L’opposition au maire Eric Piolle (EELV) dénonce la modification du règlement intérieur des piscines inscrite à l’ordre du jour du prochain conseil municipal, et entend manifester son désaccord. « Une instrumentalisation, une manœuvre électoraliste visant à récupérer le vote musulman », dit la députée de l’Isère Emilie Chalas. L’élue LREM reconnaît cependant : « Si on fait un recours, pas sûr qu’on gagnera ».

En l’état du droit, attaquer une telle décision n’est effectivement pas assuré de succès. En 2016, après une épidémie de burkinis sur les plages de la Côte d’Azur, le Conseil d’Etat avait suspendu une série d’arrêtés municipaux visant à interdire le port d’un tel vêtement. Aucun risque avéré d’atteinte à l’ordre public, pas plus à Villeneuve-Loubet qu’à Cagnes-sur-Mer, affirme alors la haute juridiction : une mesure d’interdiction est donc « disproportionnée ». Seul un arrêté est à l’époque validé : celui pris à Sisco (Haute-Corse) mais, dans ce cas, le burkini avait provoqué des affrontements entre communautés sur la place du village…
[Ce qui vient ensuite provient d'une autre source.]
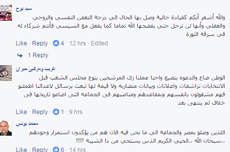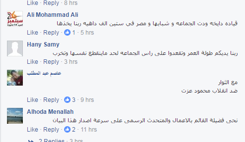 ولاقى البيان نقد وتأييد من شباب جماعة الإخوان ومعارضي النظام العسكري وظهر ذلك عبر تعليقاتهم على المنشور الذي نشر على صفحة الإخوان وجاءت ردود الأفعال كالتي

Depuis, la ville de Rennes, à majorité PS-EELV, a autorisé le maillot de bain intégral dans ses piscines. En revanche, la région Ile-de-France les a interdits dans ses bases nautiques. La pratique semble évoluer, au gré des étiquettes politiques et des pressions exercées par des associations telles Alliance citoyenne dont les militantes ont lancé plusieurs opérations burkini.

Elu d’opposition à Grenoble, Alain Carignon a mandaté un avocat pour se pencher sur le dossier : « Si on a une petite chance, on attaquera le nouveau règlement », assure-t-il.

« Vie en commun ». Les éléments pour étayer un recours ne sont pas légion. L’hygiène et la sécurité  ? Difficile à soutenir, même si certains estiment qu’en cas d’urgence respiratoire ou cardiaque, intervenir sur une femme portant une tunique en lycra serait problématique. Mais les arguments sont vite spécieux. Des juristes préfèrent ne pas biaiser avec des considérations sur l’hygiène et aller sur le terrain de « l’ordre public immatériel », soit « le consensus social qui rend possible la vie en commun, résume Gilles Clavreul, cofondateur du Printemps républicain et préfet. C’est sur cette base qu’avaient été interdits le lancer de nains, au nom de la dignité de la personne humaine, mais aussi les spectacles de Dieudonné ».

Le Conseil des sages de la laïcité, compétent pour l’éducation et le sport auprès du ministre de l’Education Jean-Michel Blanquer, a également réfléchi au sujet. Dans un document publié mercredi, l’instance fait aussi référence aux « exigences minimales de la vie en commun dans une société démocratique (...) qui peuvent justifier une interdiction au principe de libre manifestation des croyances religieuses dans l’espace public ».

En 2016, alors vice-président du Conseil d’Etat, Jean-Marc Sauvé se méfiait pourtant d’une logique subjective : « Le principe d’égalité entre hommes et femmes est absolu, mais déduire du port d’un maillot de bain une violation de ce principe serait s’engager sur un terrain juridiquement fragile », expliquait-il au Figaro. Les revirements de jurisprudence sont rares au Conseil d’Etat, ils prennent au minimum une décennie."